Surprise rise in wages and jobs

Click to follow
WAGE LEVELS surged over the summer, according to figures published yesterday that will fuel fears that interest rates must rise sooner rather than later. Average earnings rose to 4.4 per cent for the three months to June, compared with 4.3 per cent in May, and confounding forecasts of a fall to 4.1 per cent.

The unexpected rise was driven by a surge in public-sector pay awards. Earnings growth accelerated to 4.8 per cent from 4.6 per cent.

Private sector earnings were unchanged, although the monthly figure showed June was 5.3 per cent higher than a year ago, compared with 3.9 per cent in May.

The services sector, which includes a significant contribution from the public sector, leapt to 4.6 per cent from 4.3 per cent, while manufacturing was unchanged at 3.4 per cent.

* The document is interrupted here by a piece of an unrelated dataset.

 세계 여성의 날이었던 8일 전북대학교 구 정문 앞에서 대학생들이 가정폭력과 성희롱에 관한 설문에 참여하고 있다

The Office for National Statistics said the rise was driven by large bonuses in the telecoms, real estate, financial and retail sectors, and delayed public sector deals for the NHS and teachers.

The number of benefits claimants fell by 32,900 in July compared with June, to its lowest level since May 1980. The preferred International Labour Organisation measure, which includes those ineligible for benefits, fell to its lowest level since records began in 1984.

The wages data, which came just an hour before the Bank of England said it would monitor all data for signs of inflationary pressure, raised expectations of a hike in rates. "With unemployment also continuing to fall, these data will be grist to the mill of the Monetary Policy Committee's inflation hawks," said Richard Iley, of ABN Amro.

Jonathan Loynes, of HSBC, said that there was a "good chance" private- sector pay awards would ease off as pay deals started to track the current low inflation levels of 1.3 per cent.

In yesterday's key Inflation Report, the Bank said there was considerable uncertainty over the extent to which structural reforms of the labour market, such as cuts in trade union power, had lowered the rate of unemployment that would trigger inflationary pressures. "All members say there has been significant change in labour market behaviour over a number of years but not all agree on its quantitative implications for future earnings growth," it said.

John O'Sullivan, of Greenwich NatWest, said the data would "add to, rather than resolve" the MPC's uncertainties

Ryan Shea at First Chicago said: "Given the way the MPC works, they will have to start to tighten rates in six months."